Expressions are emphasized over statements; in particular, expressions often describe how a result collection is related to a prior collection?most especially list objects.
The following Python constructs are used prevalently: the built-in functions map(), filter(), reduce(), apply(), zip(), and enumerate(); extended call syntax; the lambda operator; list comprehensions; and switches expressed as Boolean operators.

Many experienced Python programmers consider FP constructs to be as much of a wart as a feature. The main drawback of a functional programming style (in Python, or elsewhere) is that it is easy to write unmaintainable or obfuscated programming code using it. Too many map(), reduce(), and filter() functions nested inside each other lose all the self-evidence of Python's simple statement and indentation style.
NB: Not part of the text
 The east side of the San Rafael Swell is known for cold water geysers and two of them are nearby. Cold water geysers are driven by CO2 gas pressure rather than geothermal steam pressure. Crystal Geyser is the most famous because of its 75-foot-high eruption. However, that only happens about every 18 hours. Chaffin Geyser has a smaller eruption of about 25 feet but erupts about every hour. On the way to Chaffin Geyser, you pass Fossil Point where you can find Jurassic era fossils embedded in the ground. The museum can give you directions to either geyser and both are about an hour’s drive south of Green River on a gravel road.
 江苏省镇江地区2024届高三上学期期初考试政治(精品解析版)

Adding unnamed lambda functions into the mix makes matters that much worse. The discussion in Chapter 1 of higher-order functions gives some examples.
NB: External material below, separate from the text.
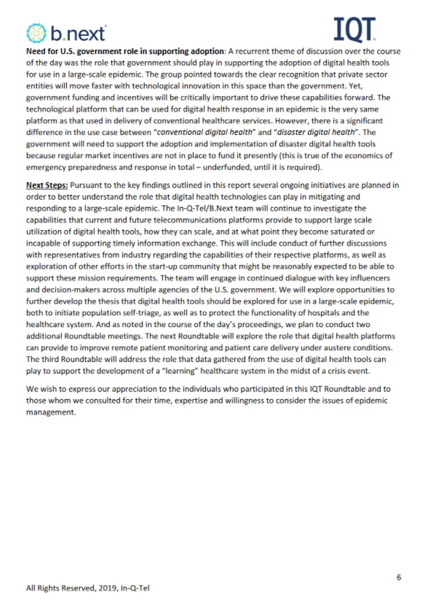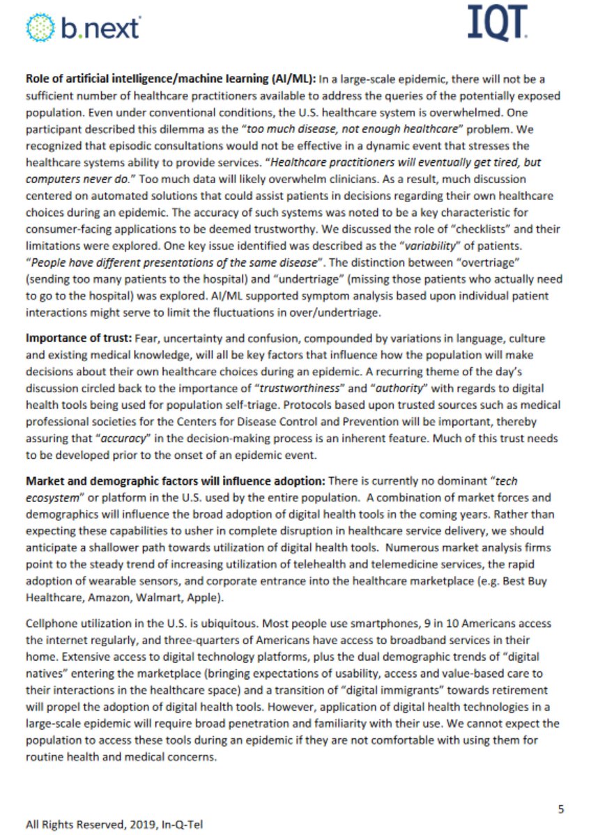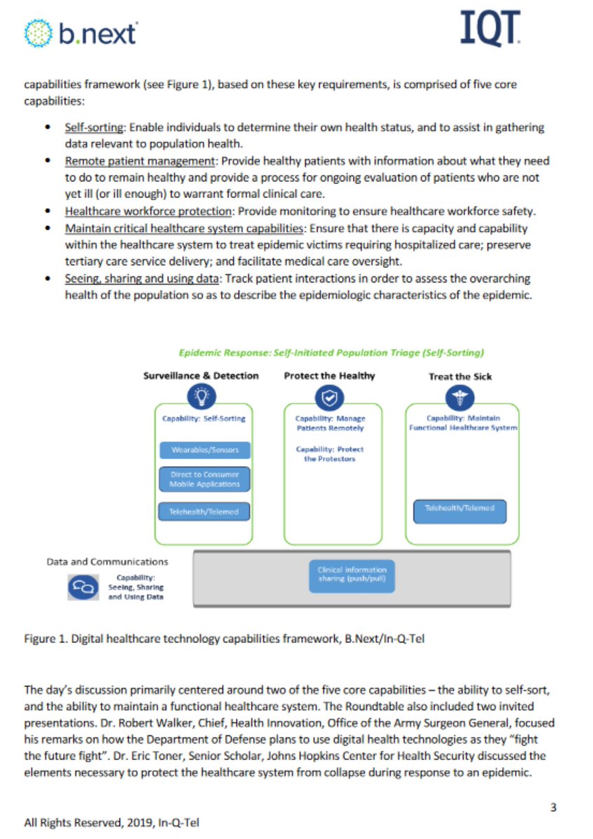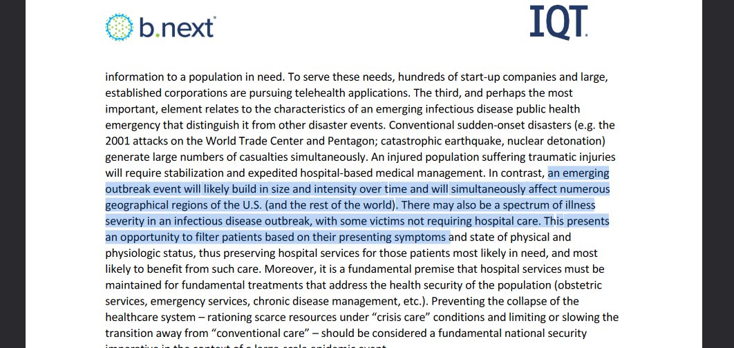 6🧵In-Q-Tel repeated the need for: track and trace technology, digitalized health care system, implementing "tel-health" over hospital trips, wearable sensors, at home testing, & even REFUSING patients who weren't, "ill enough to warrant formal clinical care"

A.5.1 Emphasizing Expressions Using `lambda`

The lambda operator is used to construct an "anonymous" function. In contrast to the more common def declaration, a function created with lambda can only contain a single expression as a result, not a sequence of statements, nested blocks, and so on. There are inelegant ways to emulate statements within a lambda, but generally you should think of lambda as a less-powerful cousin of def declarations.

Not all Python programmers are happy with the lambda operator. There is certainly a benefit in readability to giving a function a descriptive name. For example, the second style below is clearly more readable than the first:

>>> from math import sqrt
>>> print map(lambda (a,b): sqrt(a**2+b**2),((3,4),(7,11),(35,8)))
[5.0, 13.038404810405298, 35.902646142032481]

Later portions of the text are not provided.